In many tropical regions, traditional shifting cultivation systems are the main form of agricultural production. Short cultivation periods of a diverse mix of crops are interspersed with longer phases of forest recovery and regeneration, which allow nutrients in the soil to replenish. Increasingly, these agricultural systems are being replaced by more intensive and permanent production of cash crops to feed hungry supply chains, and fallow periods of forest recovery are getting shorter. In the mountainous Chiang Mai region of Northern Thailand, more and more areas historically used for subsistence agriculture are transitioning to crops such as corn, which feeds the region’s growing livestock industry. This land use dynamic shows up as a shift from yellow shifting agriculture to red commodity-driven deforestation cells in the updated drivers model through 2018.

Drivers of tree cover loss

Moving Forward: Sharpening the Picture

This model, although updated and refined, provides us with a relatively coarse understanding of what drives tree cover loss around the world. Each cell on the map is roughly the size of 10,000 soccer fields. Within each cell, multiple dynamics could be at play on a much finer scale.

In addition, there are more causes of tree cover loss than the five outlined in this model. As a result, certain drivers that weren’t included in the model, like hurricanes or other natural disasters, are mis-classified under the heading of shifting agriculture— as was the case in Puerto Rico after Hurricane Maria in 2018. The two wildfire examples above also show that the model cannot distinguish between human-caused vs. truly “wild” wildfires. Local knowledge is required to understand the detailed complexity of reality.

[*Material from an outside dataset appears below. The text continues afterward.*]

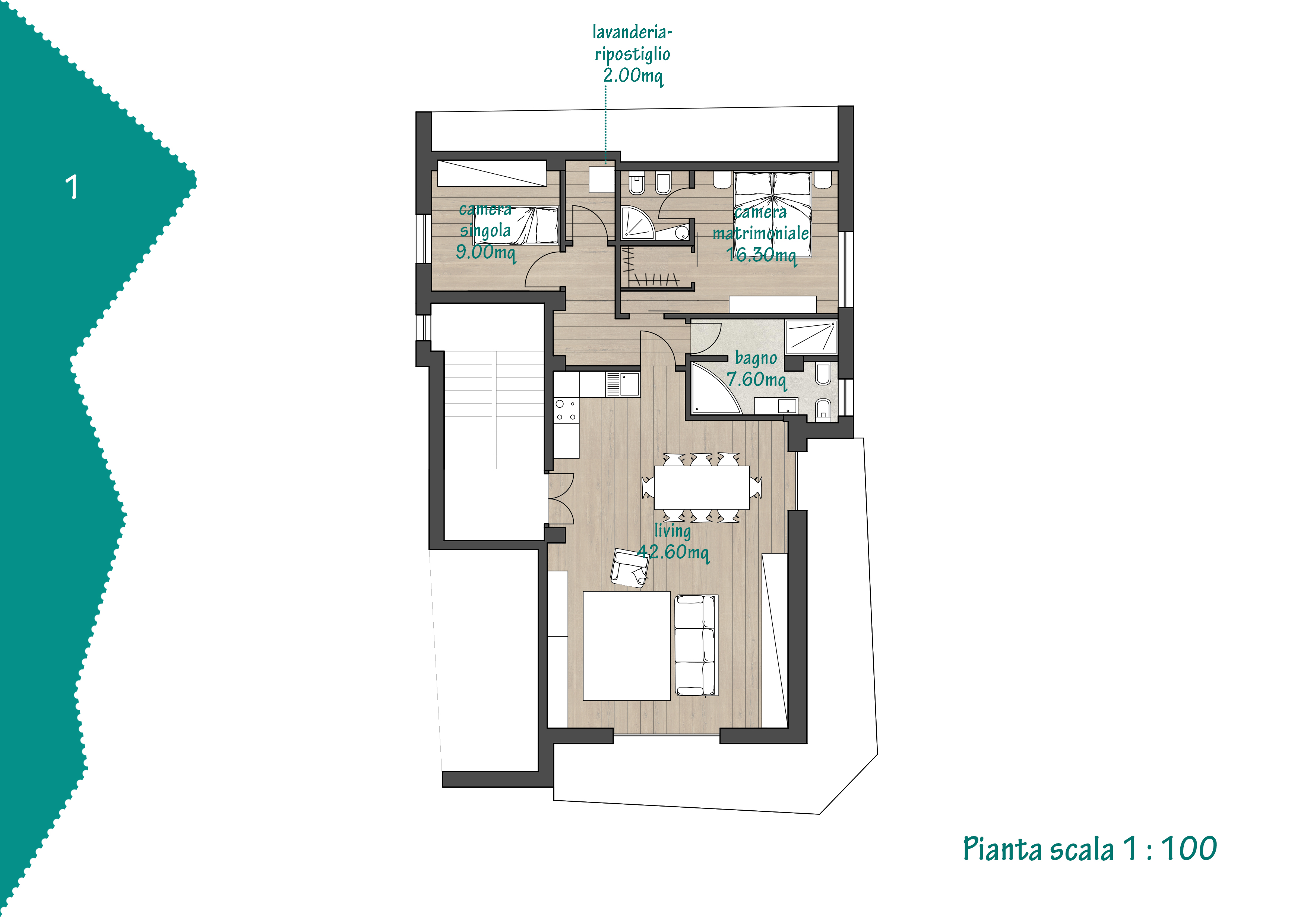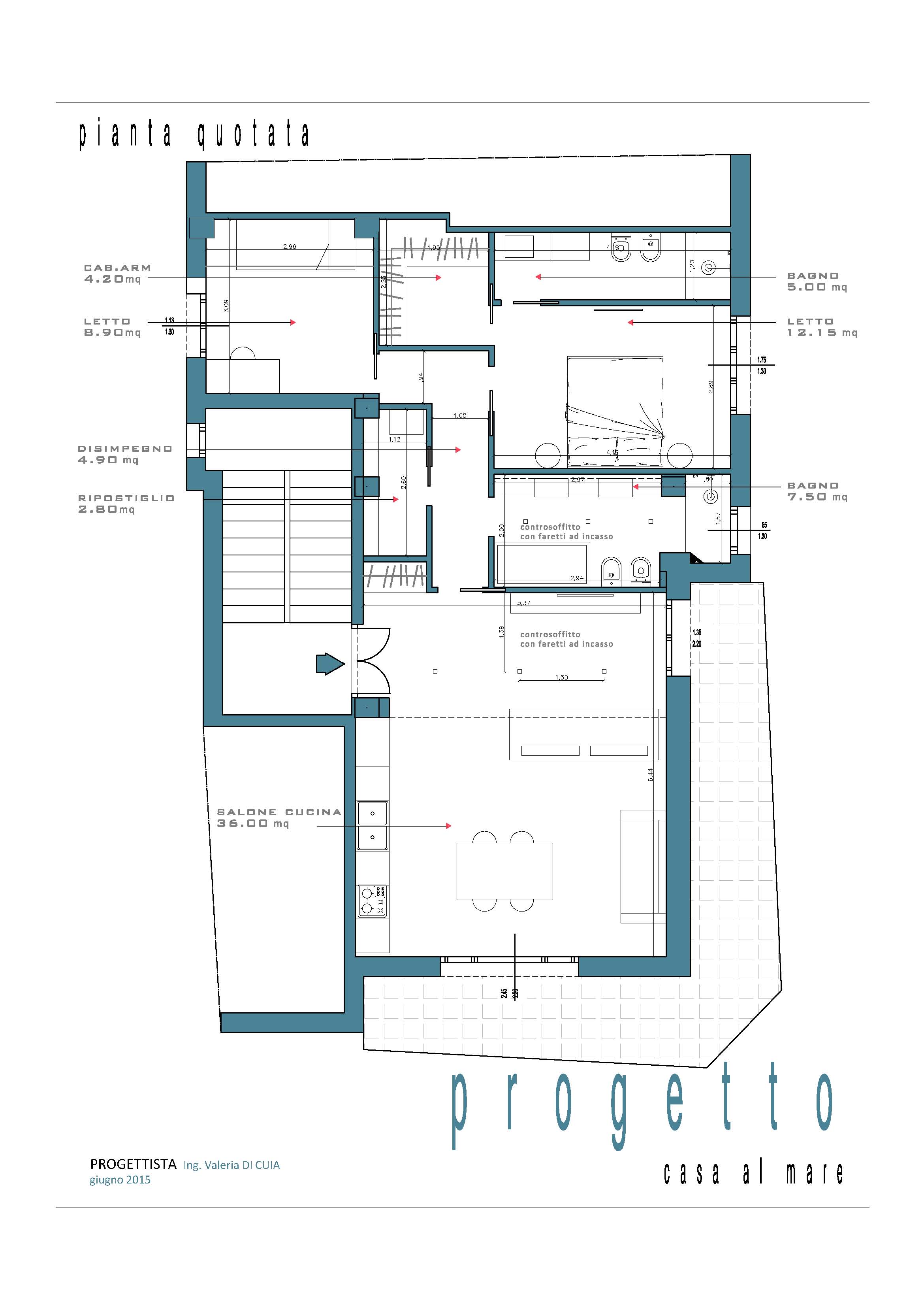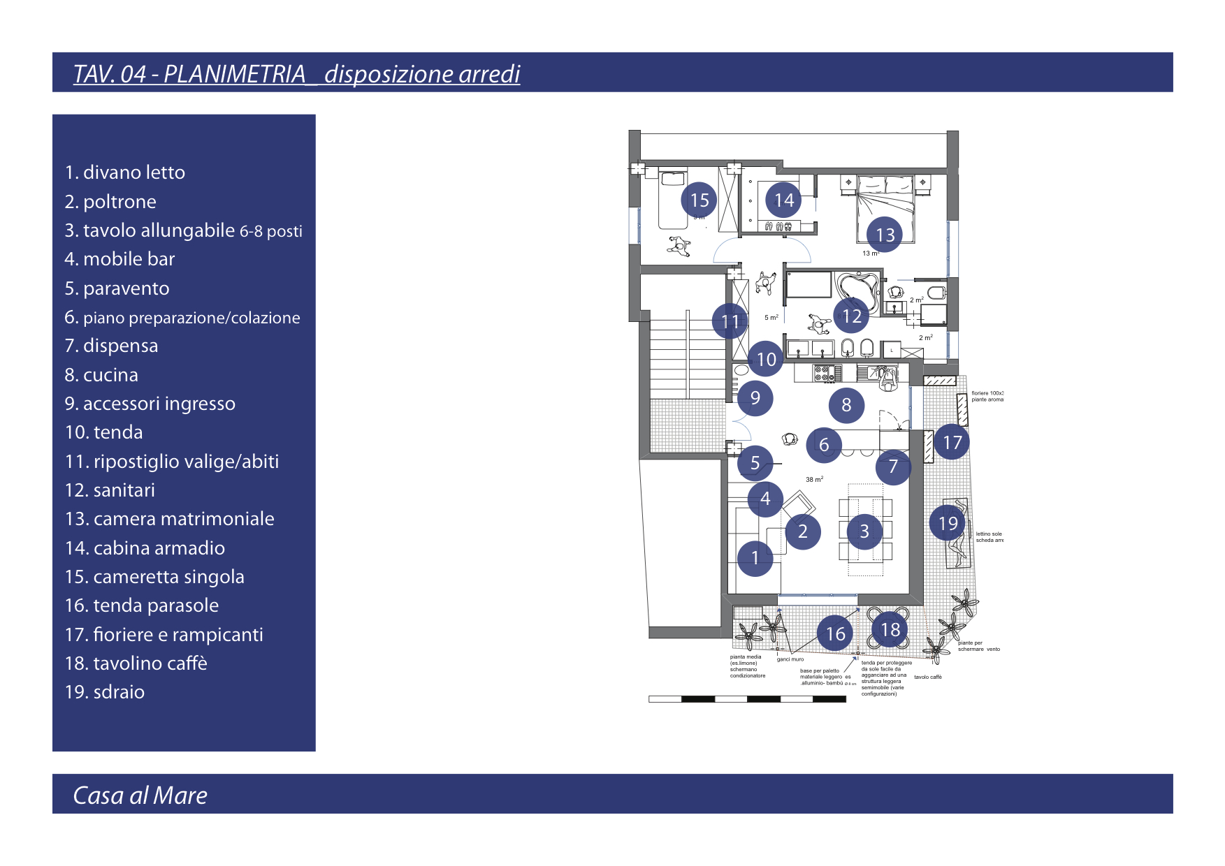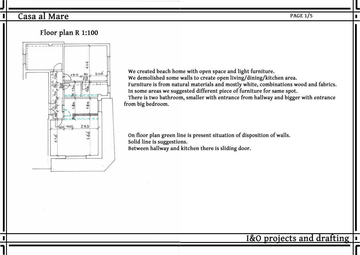 - Living: creare una grande sala living con cucina, zona pranzo (in grado di accogliere molti ospiti) e salotto, unendo eventualmente la sala grande con la stanza 1. Questa sarà l'area più importante e vissuta della casa, con vista mare.

Regardless, thematic maps like the one generated by the drivers model can paint a broad picture of the global patterns of forest loss and draw attention to different areas that need different types of interventions. The drivers data is already being utilized by The Sustainability Consortium’s Commodity Mapping Platform to help companies understand the impacts of their global supply chains. As new techniques in computer vision and artificial intelligence develop, we will refine the model and advance our understanding not just of where forests are falling, but why.